I was stuck on the same issue. But I modified it my way to remove all the NA values. You can check my code and compare what might be the problem in your code.
#init
libs <- c("tm" , "plyr" , "class")
lapply(libs,require, character.only=TRUE)
#set options
options(stringsAsFactors = FALSE)
#set parameters
candidates <- c("user1" , "user2" ,"test")
pathname <- "C:/Users/prabhjot.rai/Documents/Project_r/textMining"
#clean text
cleanCorpus <- function(corpus)
{
corpus.tmp <- tm_map(corpus, removePunctuation)
corpus.tmp <- tm_map(corpus.tmp, stripWhitespace)
corpus.tmp <- tm_map(corpus.tmp, content_transformer(tolower))
corpus.tmp <- tm_map(corpus.tmp, removeWords, stopwords("english"))
corpus.tmp <- tm_map(corpus.tmp, PlainTextDocument)
}
#build TDM
generateTDM <- function(cand,path)
{
s.dir <- sprintf("%s/%s", path, cand)
s.cor <- Corpus(DirSource(directory = s.dir))
s.cor.cl <- cleanCorpus(s.cor)
s.tdm <- TermDocumentMatrix(s.cor.cl)
s.tdm <- removeSparseTerms(s.tdm, 0.7)
result <- list(name = cand , tdm = s.tdm)
}
tdm <- lapply(candidates, generateTDM, path = pathname)
test <- t(data.matrix(tdm[[1]]$tdm))
rownames(test) <- c(1:nrow(test))
#attach name and convert to dataframe
makeMatrix <- function(thisTDM){
test <- t(data.matrix(thisTDM$tdm))
rownames(test) <- c(1:nrow(test))
test <- as.data.frame(test, stringsAsFactors = F , na.rm = T)
test$candidateName <- thisTDM$name
test <- as.data.frame(test, stringsAsFactors = F , na.rm = T)
}
candTDM <- lapply(tdm, makeMatrix)
# stack all the speeches together
tdm.stack <- do.call(rbind.fill, candTDM)
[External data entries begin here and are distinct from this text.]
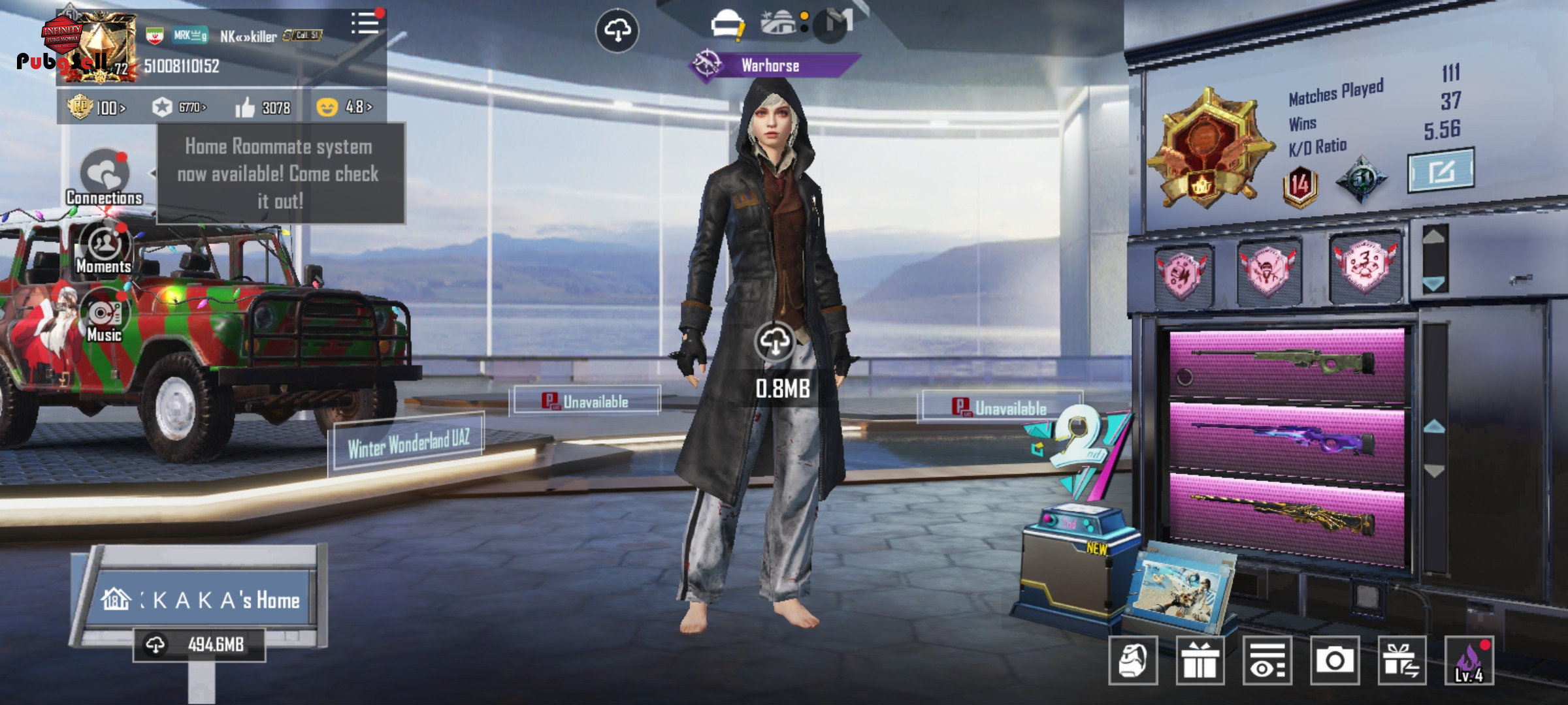 اکانت خوش شانسی هست اکثر ایتمای. ایکسوتو داره ای دبل با چندتا اتچمنت گلایدرش بک پک نیدو ملوتوف ست متیک دنساش قاب عکسش دنس سیزن 2 و کلی دنس باحال داره 16 گان اپگرید داره که گان کلوزاش اکثرا کیل مسیجه کلی بک پک هلمت داره ماشین جیپ کریسمس داره M24الکتریکی. لول سه هم داره که سیزن بعد میتونین کیل مسیجش کنین یه دونه متریال داره. با 8 تیکه مین مت 70 تا جعبه طلایی داره 360 تاهم یوسی داره که قیمتشو مفت گذاشتم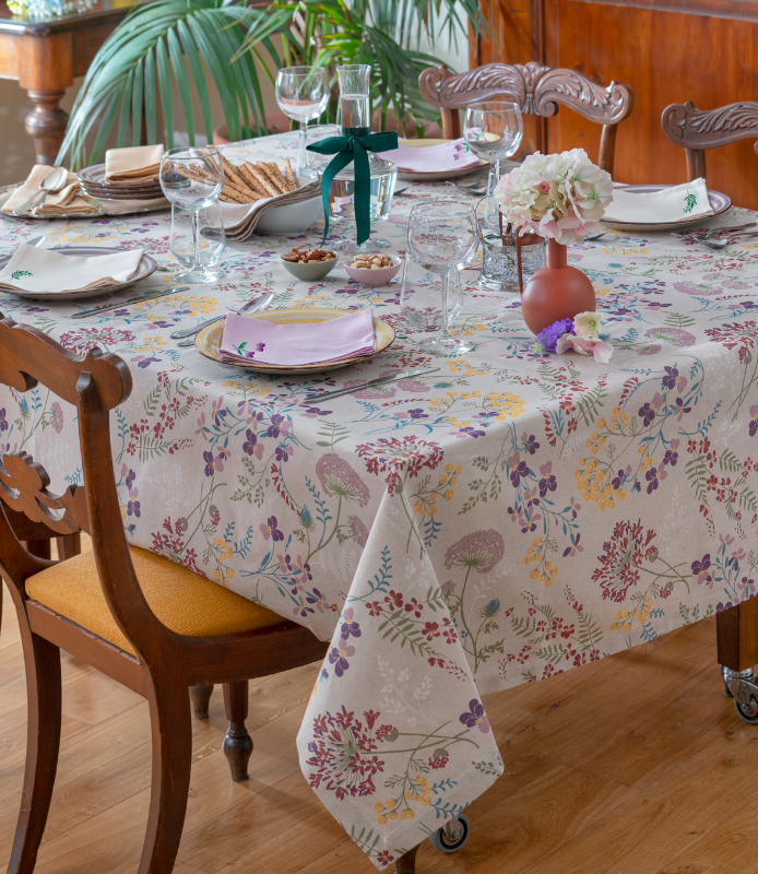 Tovaglia rettangolare da8 posti(misura160x230 cm) realizzata inmisto cotonedi alta qualità, constampa floreale a campo pienosu fondo grezzo. Perfetta per aggiungere un tocco di colore e naturale eleganza alla tavola quotidiana o alle occasioni speciali.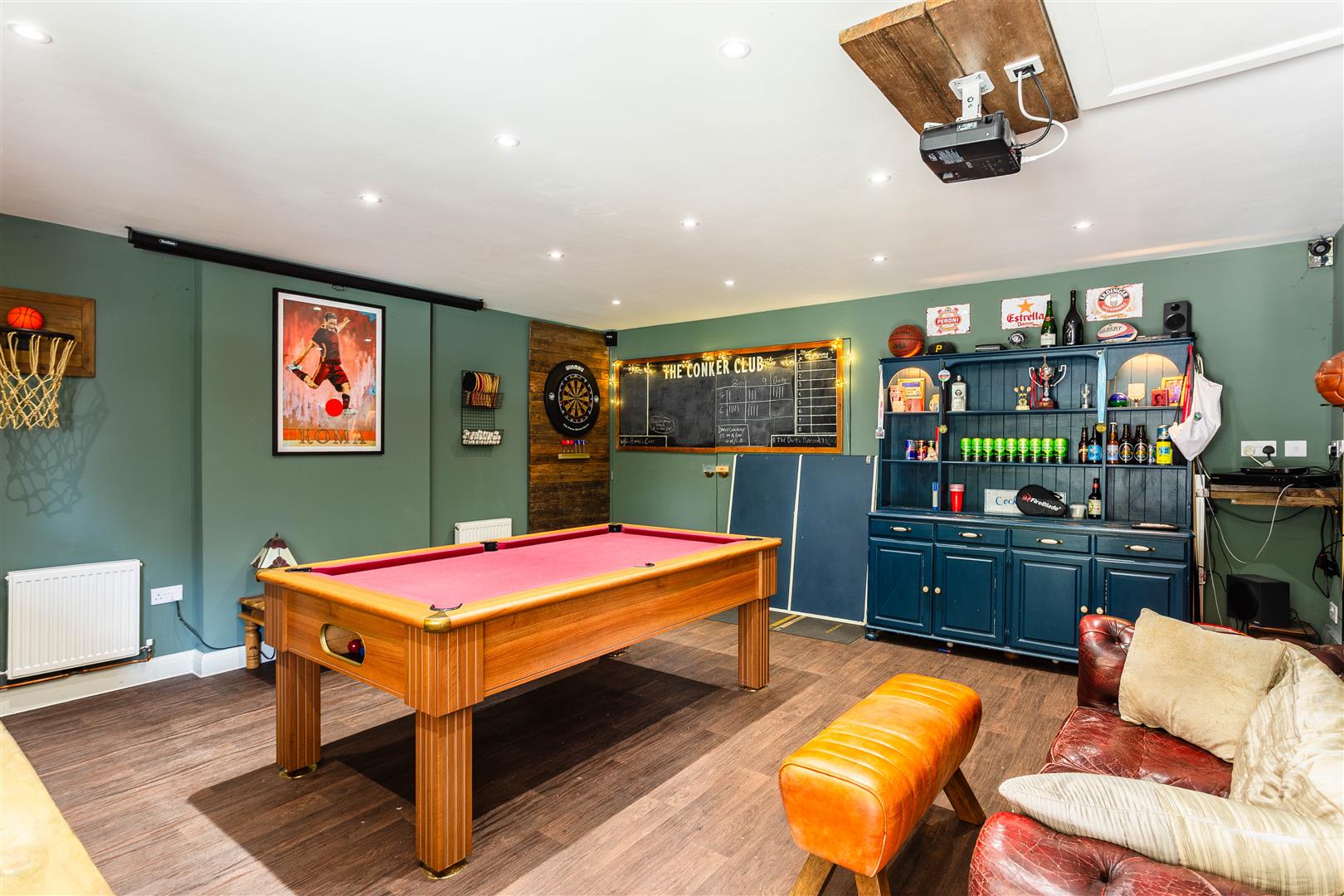 A highlight of the property is the former double garage, which has been converted into a games room with a rear aspect window, door to the garden, and provides light and power. This room could serve as a garage again or alternatively be used for home hobbies or as a home gym.
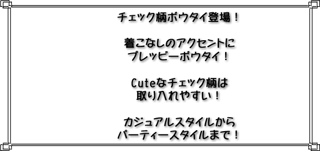 キュイー発信!チェック柄ボウタイ登場!幅も程よくジャケットに素敵に映える^^チェック柄もCuteに5カラー登場!ポリエステル素材でソフトな仕上がりは普段使いからパーティーシーンまで使える^^大人スタイルにぜひ確保したい!首回りは調節可能です。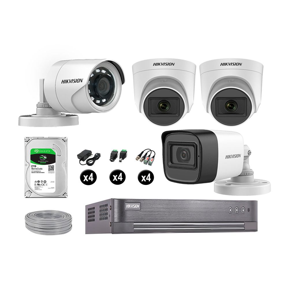 Kit 4 Cámaras de Seguridad Hikvision Full Hd Vigilancia 3 Cámara Audio Incorporado Disco 2Tb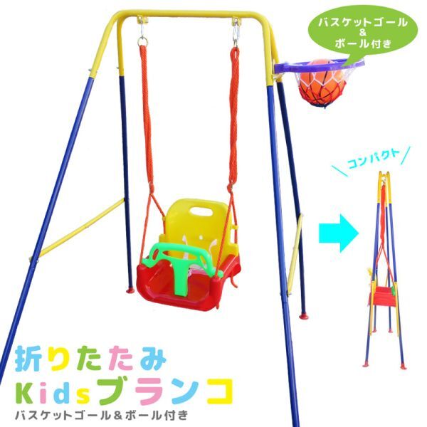 【自宅で遊べる!室内・屋外用キッズブランコバスケットボール&ボール付き】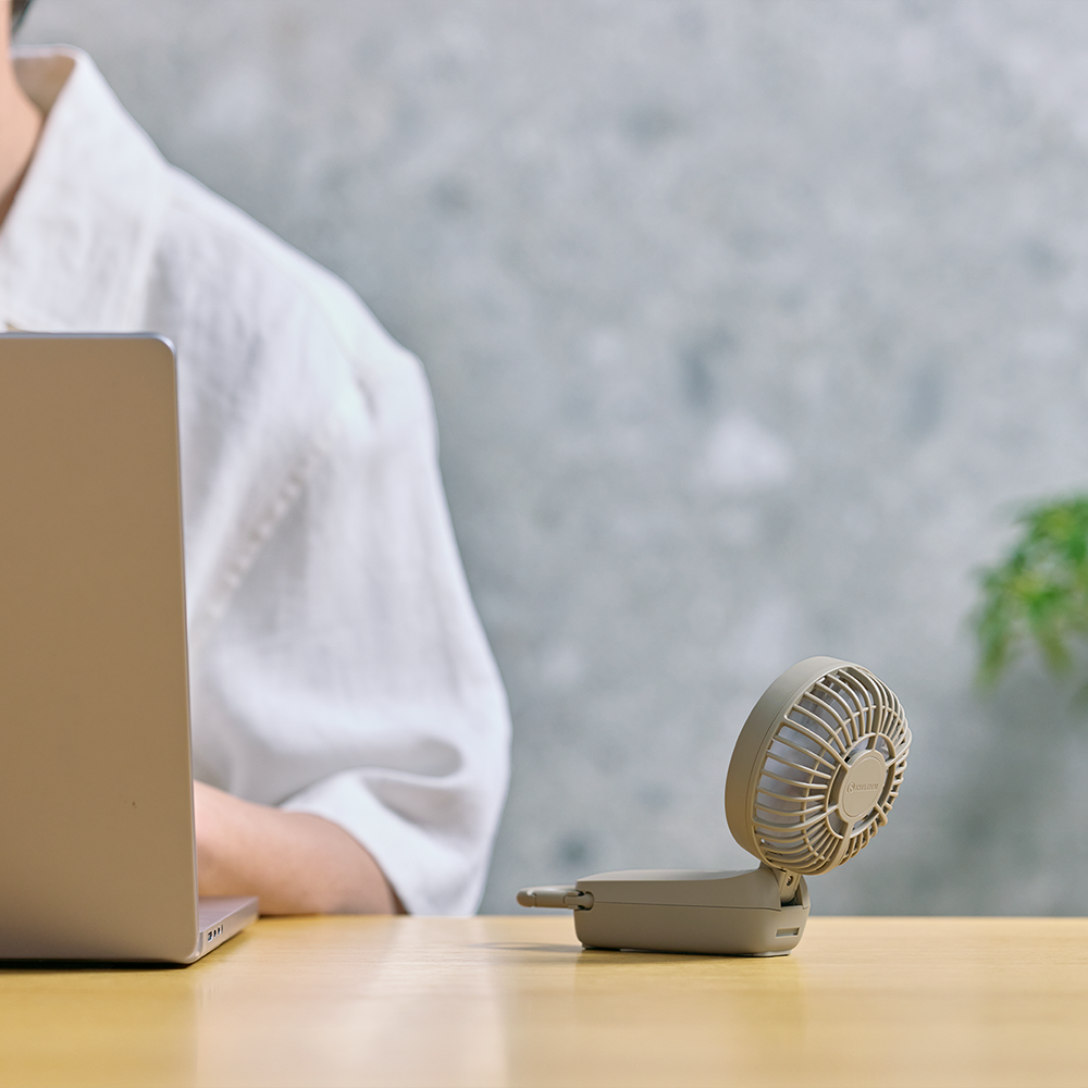 - 連続使用時間:リズム風:約15h / 弱:約10h / 中:約5h / 強:約2h / ターボ:約1h ※満充電時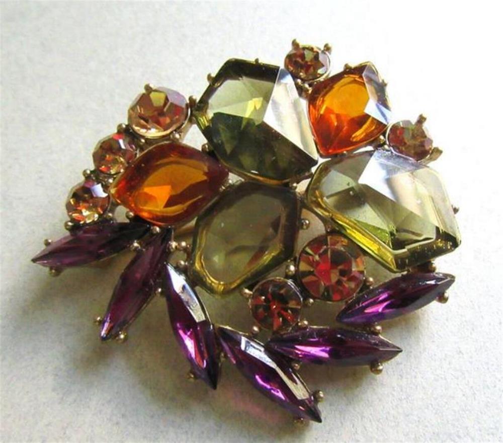 Vintage 1950's multi colored open back glass rhinestone pin.

tdm.stack[is.na(tdm.stack)] <- as.numeric(0)
#testing and training sets
train <- tdm.stack[ tdm.stack$candidateName!= 'test' , ]
train <- train[, names(train) != 'candidateName']
test <- tdm.stack[ tdm.stack$candidateName == 'test' , ]
test <- test[, names(test) != 'candidateName']
classes <- tdm.stack [ tdm.stack$candidateName != 'test' , 'candidateName']
classes <- as.factor(classes)
myknn <- knn(train=train, test = test , cl = classes , k=1)
myknn
Keep a testing file in the test folder next to user1 and user2 folders to check the output of this algorithm. And keep the value of k as the square root of number of speeches, preferably an odd number. And ignore the redundancy of testing and training set assignment. It was not working in one line in my machine so did it in two lines.